AI governance is the set of policies, processes, and controls that ensure AI-generated code remains safe, compliant, and high-quality. When AI writes code, you lose the implicit trust that comes from human authorship. Governance restores that trust through verification.

Without governance, AI-generated code can introduce:

  • Security vulnerabilities: hardcoded secrets, SQL injection, insecure dependencies
  • Compliance violations: missing audit trails, incorrect data handling, weak approvals
  • Quality regressions: untested code paths, broken contracts, performance degradation
  • Spec drift: code that diverges from specifications without detection

AI governance answers a simple question: How do we ensure that what AI produces is fit for production?

Core Principles

  1. Never trust, always verify: AI output is treated as untrusted until it passes the required gates.
  2. Specification as contract: the specification is the source of truth; code must conform.
  3. Automated gates first: automate what can be verified mechanically; reserve humans for judgment and exceptions.
  4. Traceability: every deployed artifact should link back to the spec, commit, review, and test results.
  5. Auditability: approvals, overrides, and failures must be reviewable later.

Governance Rules

Governance rules are the concrete policies that enforce quality. They define what must pass before code reaches production.

Mandatory Code Review

Rule: All medium- and high-risk AI-generated code requires human review before merge.

Implementation:

  • Require at least one approval on pull requests
  • Require the reviewer to compare the change to the feature spec
  • Require two approvals for high-risk paths such as auth, payments, or PII handling

Security Scanning

Rule: All code must pass security scans before deployment.

Common checks:

  • SAST on source code
  • Dependency audit for known CVEs
  • DAST on release candidates or staging where appropriate

LLM-Specific Security Controls

Traditional AppSec scanning is necessary but insufficient for agentic systems. Add explicit controls for:

  • prompt injection
  • tool misuse / excessive agency
  • data exfiltration
  • untrusted retrieval poisoning

Example policy:

llm-security:
prompt-injection-tests: required
tool-allowlist: required
network-egress-policy: restricted
pii-redaction-before-model: required
retrieval-source-trust-levels: required

Coverage Thresholds

Rule: Coverage thresholds should be risk-tiered.
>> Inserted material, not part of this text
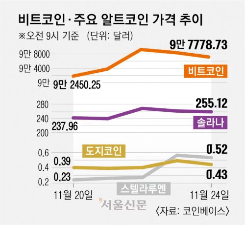 반면 가상자산 투자는 과열 양상을 보이고 있다. 전날 오후 6시 기준 국내 5대 가상자산 거래소(업비트·빗썸·코인원·코빗·고팍스)의 24시간 거래 규모는 25조 3200억원에 달했다. 지난 22일 코스피 시장(8조 171억원)과 코스닥 시장(7조 9967억원) 거래 규모를 합한 것보다 10조원 가까이 많은 액수다. 가상자산 대장주인 비트코인은 전날 한때 9만 9800달러까지 상승하며 10만 달러 돌파를 눈앞에 두고 있다.
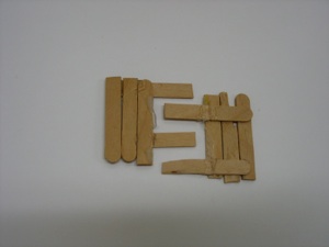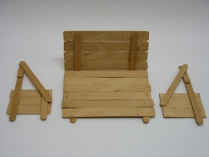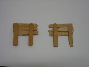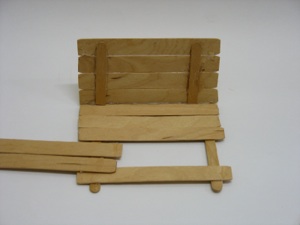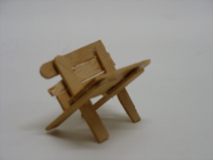 The manger is made out of popsicle sticks, too. I cut 4 legs, and 3 popsicles for each side. The important thing here is to glue on the legs so they don’t bump into each other when you put the two sides together.

Use 90%+ for high-risk paths; lower thresholds may be acceptable for low-risk changes with strong contract and integration coverage.

coverage:
low-risk-minimum: 75
medium-risk-minimum: 85
high-risk-minimum: 90
scope: changed-files

Spec Validation

Rule: Code must conform to the specification. Spec violations block merge or deployment.

Common ways to enforce this:

  • contract tests
  • integration tests mapped to acceptance criteria
  • linting for required spec sections
  • drift detection between contracts and implementation

The Spec-Validated CI/CD Pipeline

The spec-validated pipeline extends traditional CI/CD with specification-centric gates.

Pipeline Overview

  1. Specification validation: lint specs and validate contracts
  2. Build and test: run contract, integration, and coverage checks
  3. Security scanning: SAST and dependency audit
  4. Performance validation: budget checks where they are deterministic
  5. Deployment: deploy only when all required gates pass

Each stage can block the next.


Spec Validation Gates

Spec validation gates are the mechanisms that block merge or deployment when code diverges from the specification.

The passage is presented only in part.